To watch the maternal and Perinatal result in eclampsia. Material and Methods: Data was gathered from eclamptic ladies admitted to the crisis ward of Obstetrics and gynecology of IMS and SUM doctor's facility, Bhubaneswar, India amid the time of Sept 2013 Aug 2015.Maternal and fetal complexities were noted. Results: The occurrence of eclampsia was 1.58% amid the examination time frame. Greater part of the patients were under 30 years old (80.7%). There were a fundamentally higher number of ladies (n=42) from poor financial strata of the general public. Dominant part of the patients (55.7%) had no antenatal checkups. Cesarean conveyance rate in our foundation was 57.69%. 38.4% patients required admission to ICU. Perinatal passing rate was 285/1000 live births. There were 4 maternal passings (7.69%) amid the investigation time frame. Decision: Eclampsia is a noteworthy obstetric crisis that needs sufficient administration to maintain a strategic distance from calamitous occasions. Early determination and referral of cases from essential human services unit alongside organization treatment and convenient mediation can enhance the visualization.

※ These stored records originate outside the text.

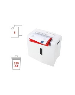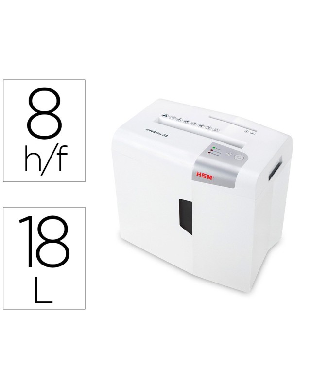 Eficiente, silenciosa, segura y con una convincente relación precio-rendimiento. Capacidad de corte: 8 hojas en partículas de 4,5 x 30 mm. Nivel de seguridad P-4. Papelera de 18 litros. Destruye grapas, CD, clips y tarjetas de crédito. Mecanismo de corte independiente para CD. Función antiatasco de papel. Indicador LED y de nivel. Inicio/paro automático con célula fotoeléctrica. Vaciado fácil. Ancho de entrada: 220 mm. Medidas: 385 x 345 x 245 mm. Peso: 4,8 kg.
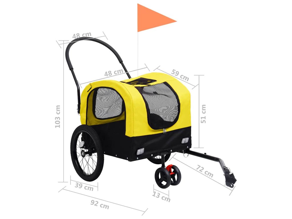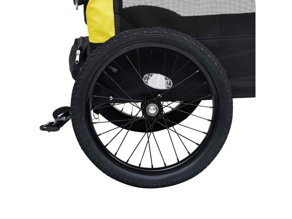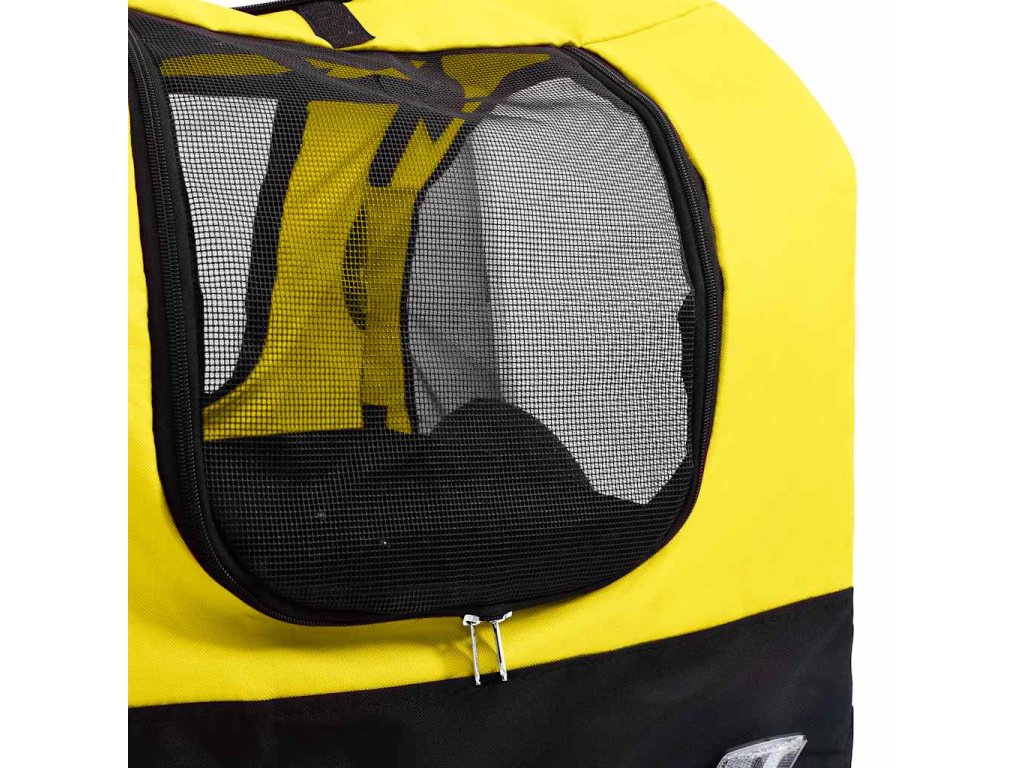 Vozík pre domáce zvieratá má pevný oceľový rám a je vyrobený z oxfordskej látky, ktorá je trvácna a ľahko sa udržiava. Sieťované okienka po oboch stranách umožňujú maximálne prúdenie vzduchu, zatiaľ čo predná aj zadná časť ponúkajú praktický vstup do vozíka. Príves na bicykel je odpružený, aby bola jazda v ňom čo najhladšia. Predné koleso je otočné v rozsahu 360 stupňov, čo využijete najmä pri prechádzkach. Rotačný bezpečnostný kĺb sa postará o to, aby sa vozík neprevrátil ani v prípade, ak bicykel spadne. Vozík pre domáce zvieratá má rýchloupínacie zariadenie na jednoduché pripevnenie k bicyklu. Vozík sa dá zložiť, čím sa ušetrí priestor, keď sa nepoužíva.
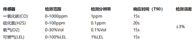 報警信號 高/低報警、TWA/STEL 報警、電池欠壓報警、傳感器故障報警、泵堵塞報警(MP400P)、超量程報警
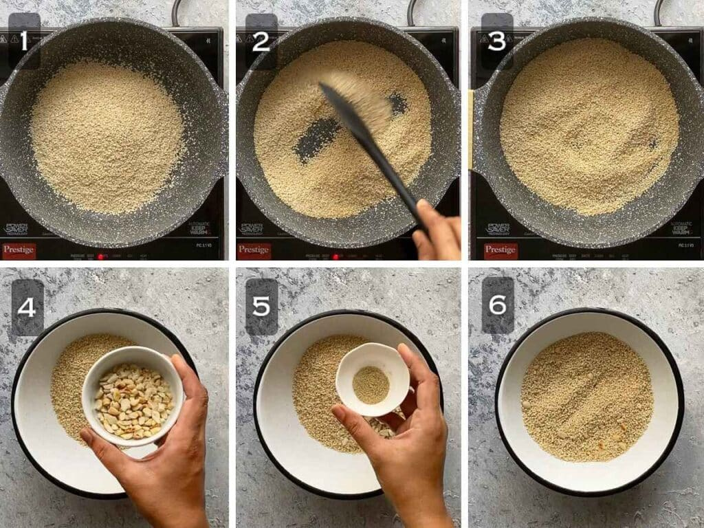 Tip: Always use fresh and soft jaggery, so that the laddu binds well.
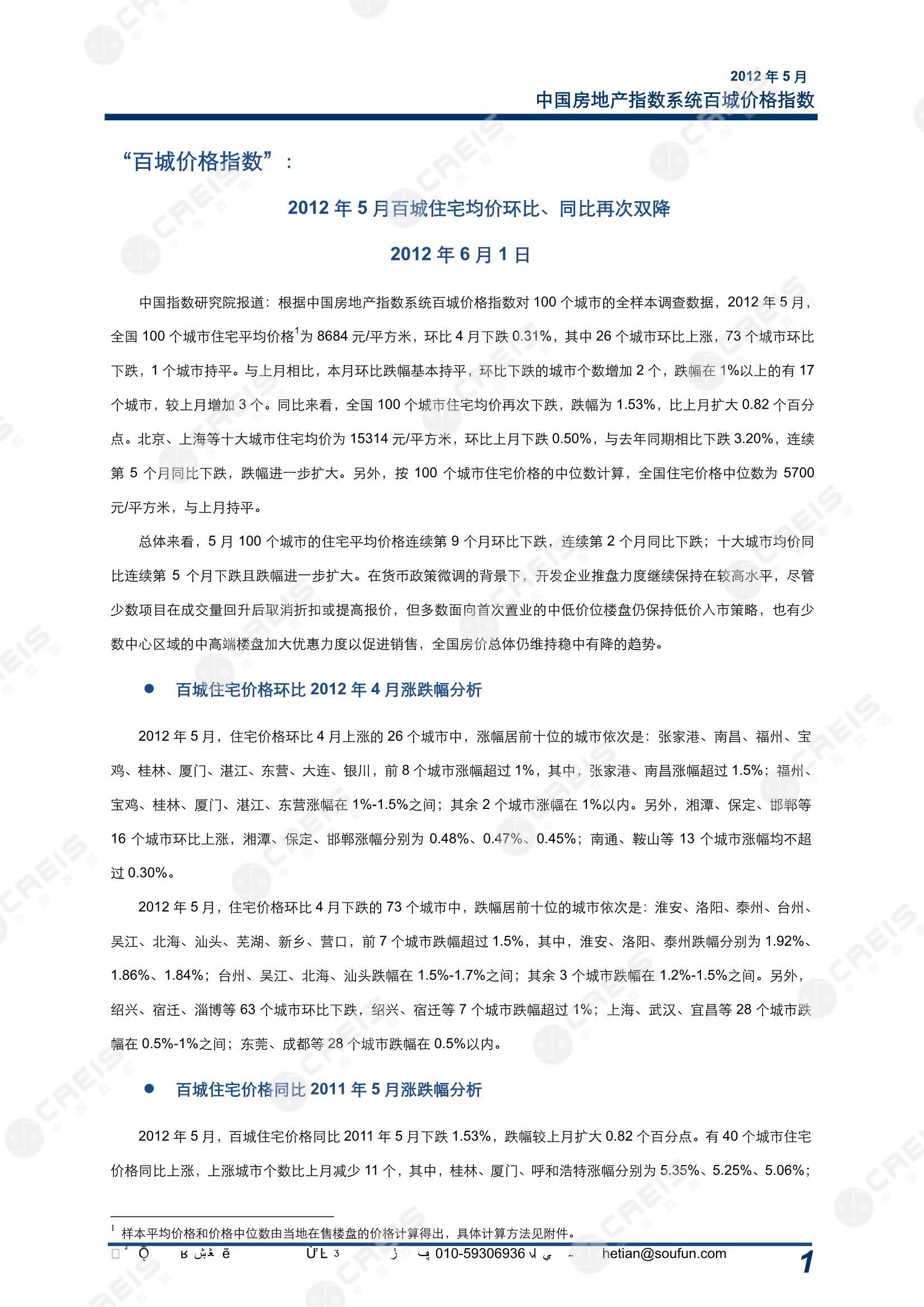 《中国房地产指数系统百城价格指数(2012年5月)》
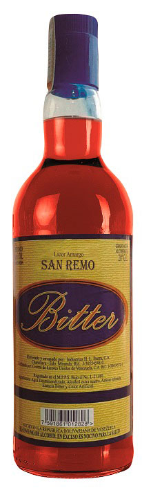 Este licor amargo, confeccionado con raíces, plantas y frutos secos macerados en ginebra, en la mejor y antigua tradición de los grandes aperitivos, constituye una experiencia única de sabores y aromas que preparan el cuerpo para una apetitosa comida. Suave, refrescante, tonificante y lleno de energía, el Bitter San Remo es elaborado por Central de Licores Unidos de Venezuela (Celiveca).
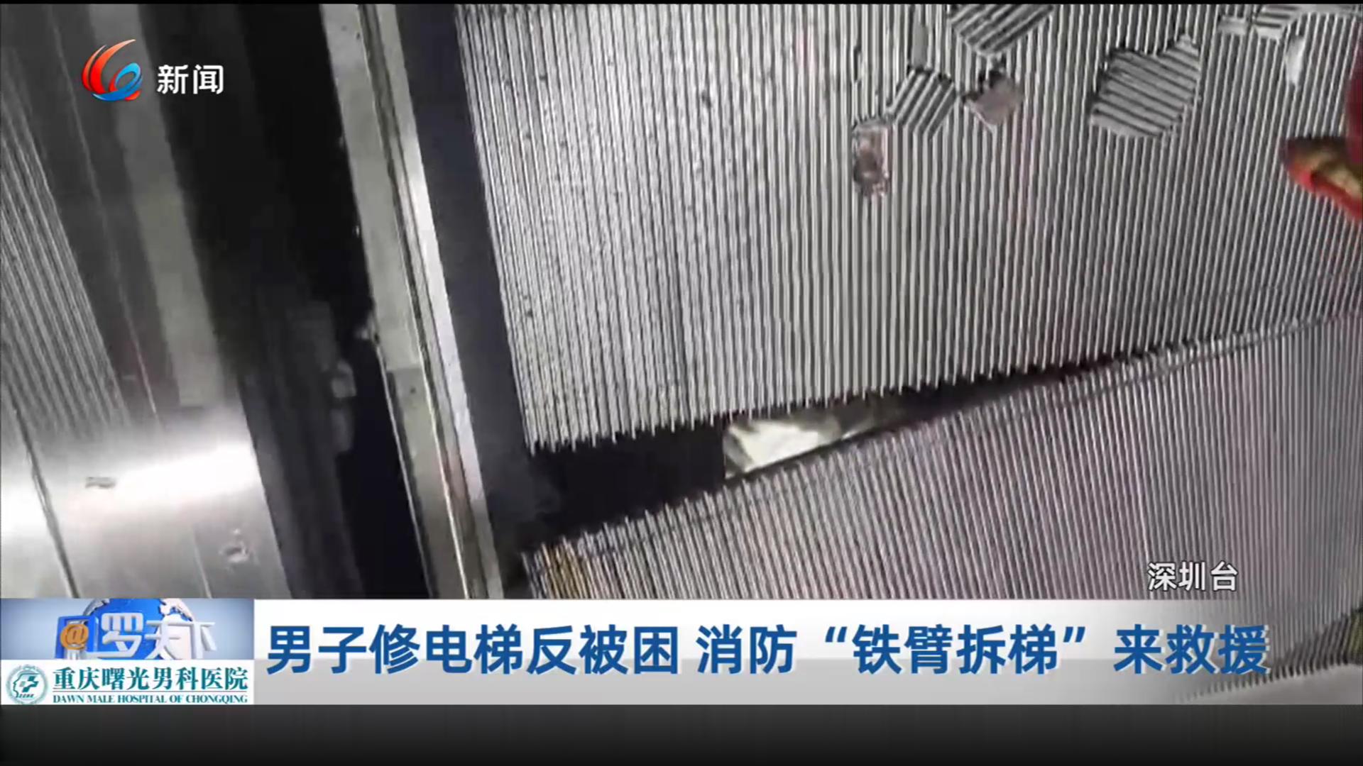 男子修电梯反被困 消防“铁臂拆梯”来救援

Medical end of pregnancy has been legitimized in India for more than 40 years, yet the greater part of all premature births are hazardous. Restorative fetus removal pill is well compelling in early long stretches of pregnancy .Despite all the control, it has been seen by the general public that, therapeutic premature births are to a great degree safe alternative. In any case, it is protected just when it is utilized under therapeutic supervision. Self-organization for fetus removal is exceptionally unsafe whenever disregarded or hid. Our investigation goes for discovering the extent and result of self-prescription of premature birth pills. Material and Method: This is an imminent observational examination led in Institute Of Medical Science and SUM healing facility Bhubaneswar, Odisha from January 2017-December 2017. This investigation included aggregate 204 numbers of cases with a background marked by self prescription of mifepristone and misoprostol who exhibited to the clinic with some intricacy. The information was factually broke down. Results: In our examination period, add up to 204 instances of ladies with a background marked by self-drug of restorative premature birth pill,presented to healing center with some intricacy. The most continuous complaintwas sporadic draining and held result of origination (54.9%). The dominant part of patients were inside the age gathering of 20-30 yrs (66.2%) and55.39% cases were second gravida.63.7% cases had taken deficient dose.Laparatomy was required in 5 cases (2.3%).Blood transfusion was required in 45 cases(22%).68.6% cases required minor careful mediation like suction and clearing. Conclusions: Medical fetus removal pill is a viable strategy for end of early pregnancy yet it is sheltered just on the off chance that it is taken under therapeutic supervision. Self prescription and over the counter (OTC) moving of these pills ought to be confined.